▶ **Requirement**: Repeat the lines below exactly as they appear, but leave out the images.

··· Data below ···

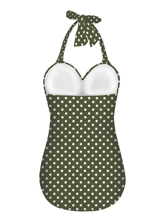 Vampire Art Vintage Chic Halter Neck One-Piece Swimsuit - Olive Green Retro Polka Dot
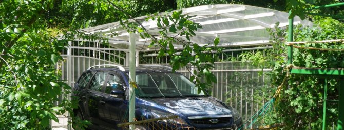 Стоянка з полікарбонату виглядає повітряно і легко монтується
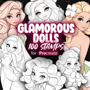 This Procreate stamp set is the ultimate tool for artists who want to draw cute dolls, design big-eyed characters, sketch toy illustrations, or add whimsical doll poses to their digital art.
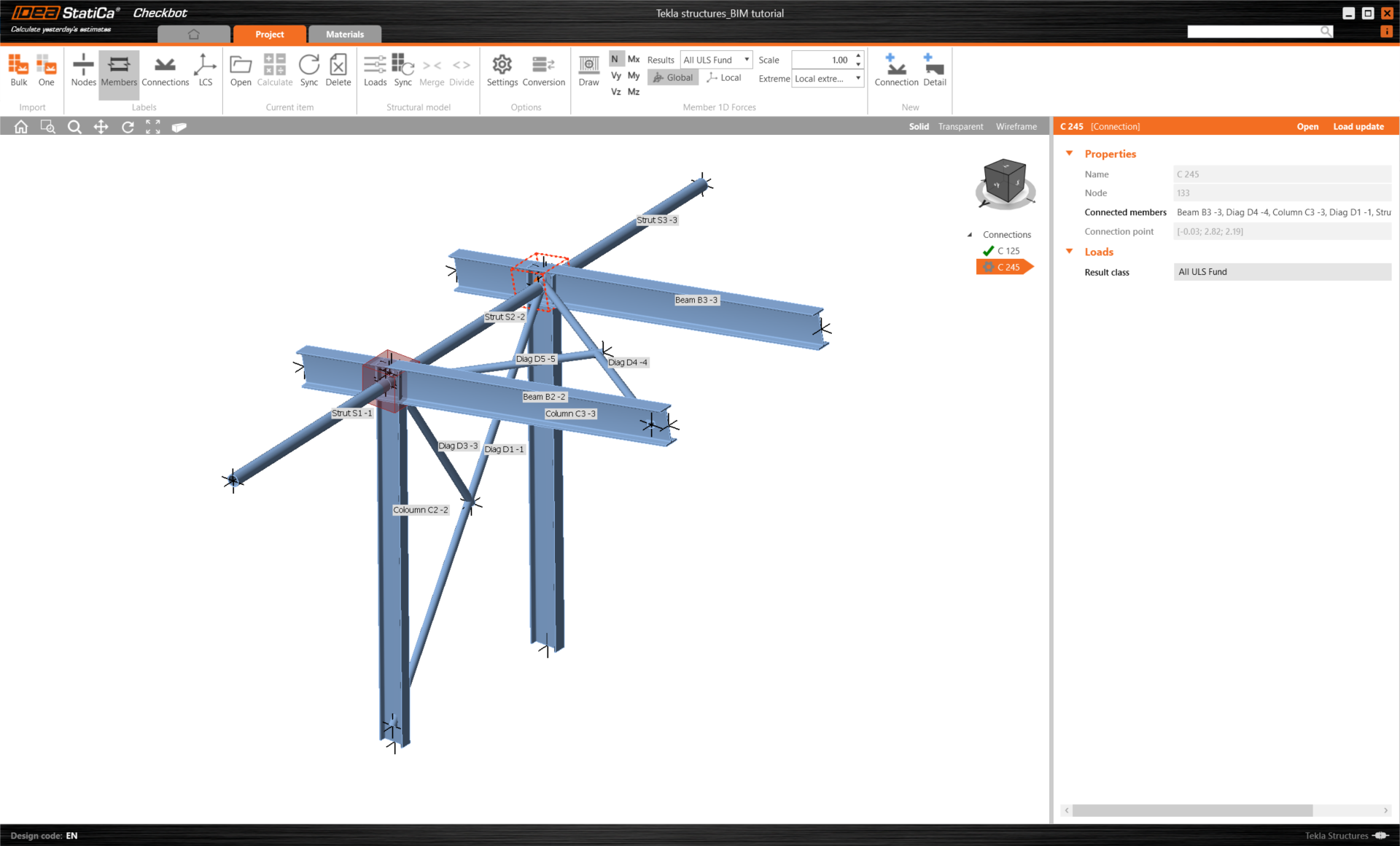 Tím se všechny vybrané části konstrukce importují do Checkbotu - se stejnými souřadnicemi, orientací a průřezem jako v modelu BIM. Střed přípoje určíte podle průsečíku prutů.

···

▶ **Exercise output**:
 Vampire Art Vintage Chic Halter Neck One-Piece Swimsuit - Olive Green Retro Polka Dot
 Стоянка з полікарбонату виглядає повітряно і легко монтується
 This Procreate stamp set is the ultimate tool for artists who want to draw cute dolls, design big-eyed characters, sketch toy illustrations, or add whimsical doll poses to their digital art.
 Tím se všechny vybrané části konstrukce importují do Checkbotu - se stejnými souřadnicemi, orientací a průřezem jako v modelu BIM. Střed přípoje určíte podle průsečíku prutů.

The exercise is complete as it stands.